Kenyan peace and conflict researcher (born 1968)

Alice Wairimū Nderitū (born 9 January 1968 in Nairobi, Kenya) is a Kenyan mediator who formerly served as the United Nations Special Adviser on the Prevention of Genocide under United Nations Secretary-General António Guterres from 2020 to 2024.

==Early life and education==
Nderitū was born in Nairobi, Kenya. She holds a Bachelor of Arts in Literature and Philosophy (1990) and a Master's degree in Armed Conflict and Peace Studies (2013) from the University of Nairobi, and an Honorary Doctor of Humane Letters from Keene State College.

==Career==
===1992–2009===
====Kenya Prisons Service====
From 1992 to 1999, Nderitū was Researcher and Administrator of the Kenya Prisons Service within the Kenya Ministry of Home Affairs.

==== Kenya National Commission on Human Rights====
From 1999 to 2007, she headed the human rights education department (the Human Rights Education and Capacity-Building Programme) of the Kenya National Commission on Human Rights (earlier, known as the Kenya Standing Committee on Human Rights).

====Fahamu====
From 2007 to 2009, Nderitū served as Director of Education for Social Justice at the non-profit human rights organization Fahamu.

===2009–present===
====Commissioner of Kenyan National Cohesion and Integration Commission====
From 2009 to 2013, Nderitū served as a Commissioner of the National Cohesion and Integration Commission in Kenya, established to mediate religious, ethnic, and race-related conflicts, counter hate speech, and promote peaceful coexistence. She was one of three mediators (the other two were men) of the Nakuru Accord, between ten ethnic communities to prevent a repeat of the country’s 2007-08 election violence that had included an estimated 1,500 deaths, 3,000 rapes, and 650,000 displaced residents. For 16 months in her role as Commissioner she was a founder and first Co-Chair of Uwiano Platform for Peace, a conflict-prevention agency founded in 2010 that uses mobile technology to encourage citizens to report indicators of violence, linking early warning to early response. She would later travel to Myanmar to help design and put in place the country’s first early warning linked to early response program.

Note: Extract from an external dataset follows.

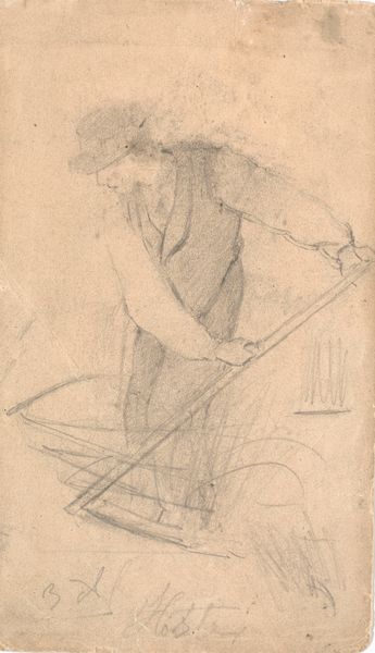 Curator: Van Gogh's "Reaper," a charcoal drawing completed in 1885, showcases a figure bending deeply, poised with a tool. A somber air settles as we contemplate the monochromatic medium. Editor: Yes, the first impression is undoubtedly one of heavy labor, isn’t it? The hunched posture and the weight of the implement… It all conveys a palpable sense of burden and speaks to the broader issues of social realism prevalent during that era. Curator: Absolutely. Consider how the artist has used contour lines. The weight, it seems, is not solely literal but structural, built in with each calculated stroke. This figure dominates the frame, a solid shape forged of lines and form. Editor: It is impossible to divorce this from its time. Van Gogh was clearly interested in conveying the harsh realities of rural life and working-class struggles through imagery of peasant existence. Notice how he captures not just the physicality of labor, but also its emotional weight. Curator: Note the subtle shift in pressure with each charcoal line, generating the very illusion of a worker weighed down, bowed against an unseen but implicit hardship, isn’t it? And the barest implication of landscape serves only to place our lone worker. Editor: Precisely! Van Gogh's focus was on everyday working figures and revealing their personal stories during times of significant social stratification. These images were rarely devoid of a pointed, implicit statement. What kind of world lets the working person get so worn out? Curator: Thus, the power resides within the inherent visual dynamic and the very visible process of rendering. We sense the very essence of laborious motion rendered with exceptional technical skill in black and white. The artist creates an essential study of form while alluding to narratives beyond itself. Editor: He draws attention to the silent narratives etched into working class lives, asking the viewer to confront their significance beyond the artistic form itself. He asks us to reconsider the values inherent in society and to challenge our complicity through imagery that demands attention. Curator: Looking carefully, then, reveals the potent relationship between structural artistry and implicit expression and Van Gogh’s keen understanding of line, shade, and composition to represent emotional, economic, and societal burden. Editor: Precisely, it pushes us to question and see what’s truly beneath the surface. And within this charcoal work from Van Gogh, we find that complexity layered upon somber observation, revealing uncomfortable truths.

====Member of Kenya National Committee on the Prevention and Punishment of the Crime of Genocide, War Crimes, Crimes Against Humanity and all Forms of Discrimination====
Starting in 2013, Nderitū served as a member of the Kenya National Committee on the Prevention and Punishment of the Crime of Genocide, War Crimes, Crimes Against Humanity and all Forms of Discrimination. She also served as an Auschwitz  Institute  for  the  Prevention  of  Genocide  and  Mass  Atrocities instructor. She also served as Summer Course faculty member at SIT Graduate Institute, Vermont, Brattleboro, USA, and lecturer of the Socio-Economic Rights course at Pretoria University’s Centre for Human Rights, South Africa. She has also served as facilitator of the Senior Mission Leaders Course at the International Peace Support Training Center, Kenya and the Rwanda Military Academy, Rwanda.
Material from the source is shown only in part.